ポンド円日足チャート(ボリンジャーバンドと10日移動平均線)

先週の振り返り
ポンド円は、日本銀行が再び円買い介入を行ったとみられたことで、直近安値を試す展開となりました。しかし、週後半にはポンドが対米ドルで上昇したこともあり、サポートは維持されました。

テクニカル分析
ボリンジャーバンドの下限がサポートとして機能しましたが、下向きの10日移動平均線が現在の価格に近づいているため、上昇した場面では売り手が戻ってくる可能性があります。

今週の見通し
先週高値付近と10日移動平均線が上値抵抗線として意識され、今週のポンド円は横ばいで推移する可能性があります。そのため、明確なトレンドを追うよりも、短期的なレンジ取引のチャンスが出やすい展開となるかもしれません。

EUR/USD (ユーロドル)

ユーロドル日足チャート(ボリンジャーバンドと10日移動平均線)

先週の振り返り
WTI原油価格の下落が米ドルの重しとなり、静かな取引環境の中でユーロドルは小幅に上昇しました。

テクニカル分析
10日移動平均線はやや上向きに転じていますが、ボリンジャーバンドは縮小しており、短期的にはレンジ相場が続く可能性があります。

今週の見通し
現在のユーロドルには強いトレンドが見られないため、今週はレンジ取引を意識するのがよさそうです。

ナスダック

ナスダック指数日足チャート(ボリンジャーバンドと10日移動平均線)

先週の振り返り
AI関連株への期待感と好調な決算発表が続き、ナスダックは新たな最高値を更新しました。また、イランでの戦争が早期に終結するとの期待も、リスク選好を支える材料となりました。

テクニカル分析
上昇トレンドは非常に強く、週末には上限ボリンジャーバンドを上回って取引を終えました。ただし、10日移動平均線との乖離が大きく、短期的には買われ過ぎ感もあります。

今週の見通し
短期的には買われ過ぎに見えるため、短期トレーダーはネガティブなニュースや、価格が上限ボリンジャーバンドを下回る動きを待ってから、売りの機会を探すのがよさそうです。一方、中期トレーダーは10日移動平均線に近づく押し目を待つことで、より良い買い場を狙いやすくなるでしょう。

金 (ゴールド)

金日足チャート(ボリンジャーバンドと10日移動平均線)

先週の振り返り
WTI原油価格の下落を受けて米国の長期金利が低下し、金にとって追い風となったことで、金価格は直近の下落分を一部取り戻しました。

テクニカル分析
10日移動平均線は横ばいで推移しており、ボリンジャーバンドも縮小しています。
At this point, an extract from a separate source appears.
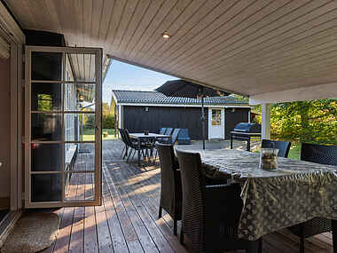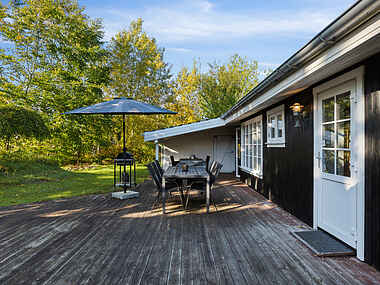 Huset på 131 m² byder på fire soveværelser og otte sovepladser, ideelt til familier eller grupper (et af soverummene findes i anneks). Der er også flere terrasser, hvor I kan nyde det danske sommervejr.

短期的にはレンジ相場が続く可能性があります。

今週の見通し
先週の反発により直近の下落トレンドは崩れたため、今後数週間で長期トレーダーが買い手として戻ってくる可能性があります。ただし、短期的にはレンジ取引を意識するのがよさそうです。

今週の注目材料

今週は、米国のインフレ指標と小売売上高が市場の注目材料となります。トレーダーは、原油高が消費者需要や物価圧力にどの程度影響しているかを確認しようとしています。WTI原油は、米国とイランの交渉をめぐる動きに引き続き反応しやすい展開となりそうです。市場では、紛争終結に向けた進展への期待も続いています。株式市場は直近の上昇をさらに伸ばせるかが焦点となる一方、ドル円は日銀の介入が終わったのか、それとも157円付近で円安を抑える姿勢を続けるのかを試す展開となり、ボラティリティの高い動きが続く可能性があります。